Fui al Hospital del Señor a hacerme una revisión de rutina y constaté que estaba enfermo. Cuando Jesús me tomó la presión vio que estaba baja de ternura. Al medirme la temperatura el termómetro registró 40 grados de egoísmo. Al ver eso, Jesús me hizo un electrocardiograma y el diagnóstico fue que necesitaba varios "by-pases" de amor porque mis venas estaban bloqueadas y no abastecían mi corazón vacio. Después fuí al cuarto de ortopedia: No podía caminar al lado de mi hermano, y tampoco podía abrazarlo porque me había fracturado al tropezar con mi vanidad. También me encontraron miopía, ya que no podía ver más allá de las apariencias; cuando me quejé de sordera, Jesús me diagnosticó quedarme sólo en las palabras vacías de cada día. Al terminar todo, dije: Gracias Señor! Porque las consultas son gratuitas, por tu gran misericordia.
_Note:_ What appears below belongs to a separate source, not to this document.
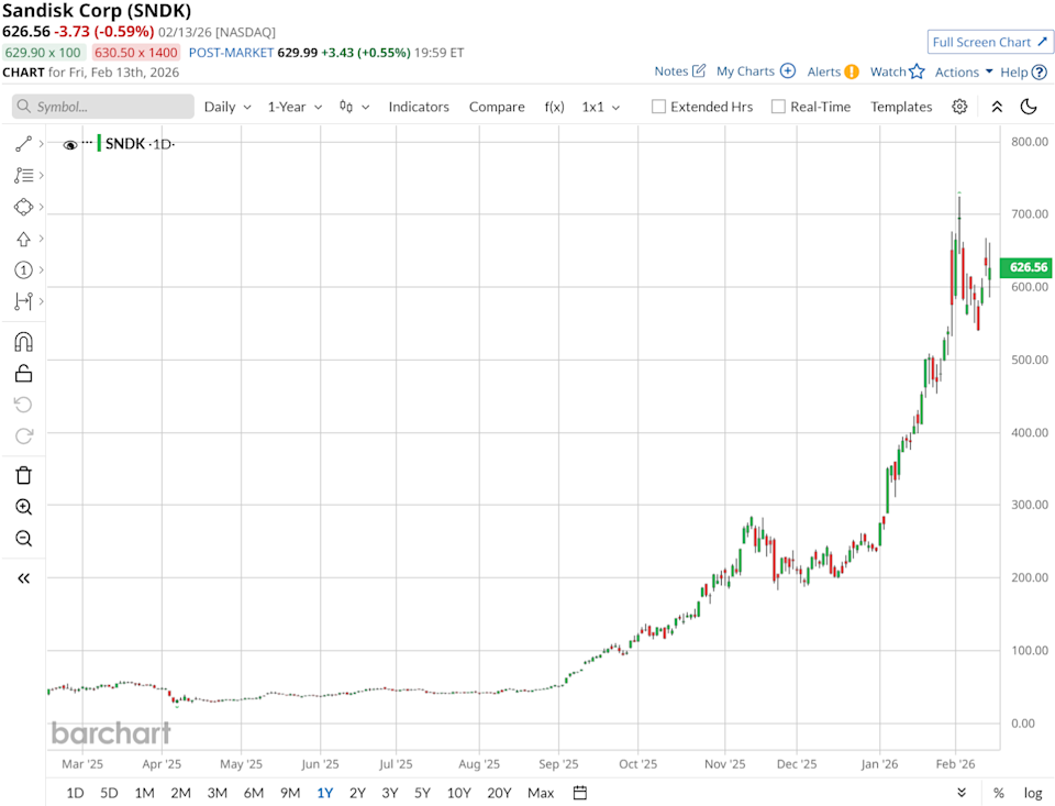 Kioxia (KXIAY), the Japanese memory giant that delivered a staggering 540% gain in 2025 as the best-performing stock in the world, just made another big call. On Feb. 11, Kioxia forecast sharply higher demand for NAND memory chips, quickly lifting sentiment across the memory sector. Sandisk (SNDK) jumped more than 8% the same day, pushing AI infrastructure names higher as investors took the news as a sign that demand for data storage remains strong. The reason is pretty straightforward. Many memory analysts now expect demand to stay ahead of supply well into 2026 and beyond, and that backdrop has already helped SNDK shares rise more than 1200% over the past six months. Kioxia’s latest outlook fits right into that view, and it matters even more because the two companies are closely linked. Cathie Wood Adds 210K Shares to a Rising AI Bet With Upside of 102% Is GOOG Stock a Buy Amid the Software Selloff? Broadcom Is ‘Sitting on a Sinking Iceberg.’ Why 1 Analyst Is Warning on AVGO Stock Here. Our exclusive Barchart Brief newsletter is your FREE midday guide to what's moving stocks, sectors, and investor sentiment - delivered right when you need the info most. Subscribe today! In January 2026, Kioxia and Sandisk extended their joint venture (JV) at the Yokkaichi and Kitakami flash memory plants through 2034, keeping their focus on AI-enabled smart manufacturing of advanced 3D NAND. In other words, when Kioxia’s outlook improves, it often points to the kind of market conditions that Sandisk can benefit from, too. Still, even with all that momentum, Sandisk is currently about 17% below its recent high of $725, which puts the spotlight on timing. With Kioxia’s outlook adding fresh energy to the memory trade, is the pullback in Sandisk a buying opportunity? Or a warning that the easy gains are already behind us? Let’s find out. Sandisk is a pure‑play flash memory and storage manufacturer selling NAND chips and SSD solutions for data centers, devices, and broader AI infrastructure. Over the past 12 months, SNDK stock has gone from a lightly followed memory cyclical to a clear market favorite, climbing roughly 1,180% in 52 weeks and about 154% year-to-date (YTD). That run-up has pulled the valuation higher, too. Sandisk now trades at a forward price‑to‑earnings (P/E) multiple of about 27.3 times, which is noticeably above the sector median of roughly 23 times. That suggests investors are paying extra for what they believe is multi‑year, AI‑driven earnings growth. The latest fiscal second‑quarter results show why the market has stayed positive. Revenue came in at about $3.02 billion, up 31% sequentially and above guidance. GAAP net income reached roughly $803 million, translating to $5.15 in diluted EPS. Non‑GAAP EPS was $6.20, pointing to real margin improvement as AI data center demand lifts pricing and keeps factories running fuller. Data-center revenue alone jumped 64% sequentially, driven by hyperscalers, semi‑custom wins, and large technology customers rolling out AI at scale. Kioxia and Sandisk turning on Fab2 in Kitakami is one of the most direct reasons the story looks stronger. The new facility can produce eighth‑generation, 218‑layer 3D flash using CBA technology, and it is built specifically to meet AI-driven storage demand. Capacity will ramp in stages, with meaningful output anticipated in the first half of 2026. The plant also includes an earthquake‑absorbing design, energy‑saving equipment, AI‑supported efficiency improvements, and a space‑efficient clean‑room layout, with part of the investment subsidized by the Japanese government. That helps Sandisk scale advanced NAND with better economics. That capacity story ties into longer-term supply stability. Kioxia and Sandisk extended their Yokkaichi JV agreement through 2034, building on more than 25 years of collaboration, and they aligned the Kitakami JV to the same timeline. The goal is stable production of advanced 3D flash for AI workloads, and it also creates a clear cash commitment, since Sandisk will pay Kioxia $1.16 billion for manufacturing services and continued supply from 2026 to 2029. On top of that, Sandisk is also pushing into new standards. Its memorandum of understanding (MOU) with SK Hynix to co‑define High Bandwidth Flash is aimed at standardizing a new memory class designed for AI inference, including the specs and ecosystem groundwork. So, Sandisk is not only supplying into the AI memory cycle but also helping shape where the technology goes next. For the current fiscal third quarter, management is guiding for revenue between $4.4 billion and $4.8 billion, with non‑GAAP diluted EPS expected in a wide but still eye-catching $12 to $14 range. On the Street’s side, the average earnings estimate is $5.55 for the current quarter, $8.35 for the next period, and $22.96 for fiscal 2026, which points to year-over-year (YOY) growth rates of roughly 1,025%, 41,650%, and 1,189%, respectively. Those numbers help explain why analysts are still mostly positive, even after a huge run. Morgan Stanley analyst Joseph Moore recently reiterated a “Buy” rating and raised his price target to $690, which suggests 15% potential upside from current levels. Cantor Fitzgerald analyst Christopher Muse was much more aggressive. Muse believes NAND prices could rise another 50% in Sandisk’s fiscal Q3, pushing gross margin toward about 67% and supporting a high $800 price target by the end of 2026. Overall, 21 analysts with coverage rate SNDK stock as a consensus “Moderate Buy." The average price target of $659.76 implies roughly 10% potential upside from here. In the near term, Sandisk still looks buyable here, but it is no longer a blunt “set it and forget it” memory trade. The Kioxia‑driven tight‑supply story, Fab2 ramp, and High Bandwidth Flash roadmap all argue that earnings and margins can keep surprising to the upside, which supports SNDK stock grinding higher rather than colla

Prometo, al salir de aquí, usar solamente los remedios naturales que recetas en el Evangelio... Al levantarme tomaré un vaso de agradecimiento. Al llegar al trabajo, tomaré una cucharada sopera de Buen Día. Cada hora un comprimido de Paciencia y una copa de Humildad. Al llegar a casa, Señor, voy a tener diariamente una inyección de Amor, y al irme a costar, dos cápsulas de Conciencia Tranquila.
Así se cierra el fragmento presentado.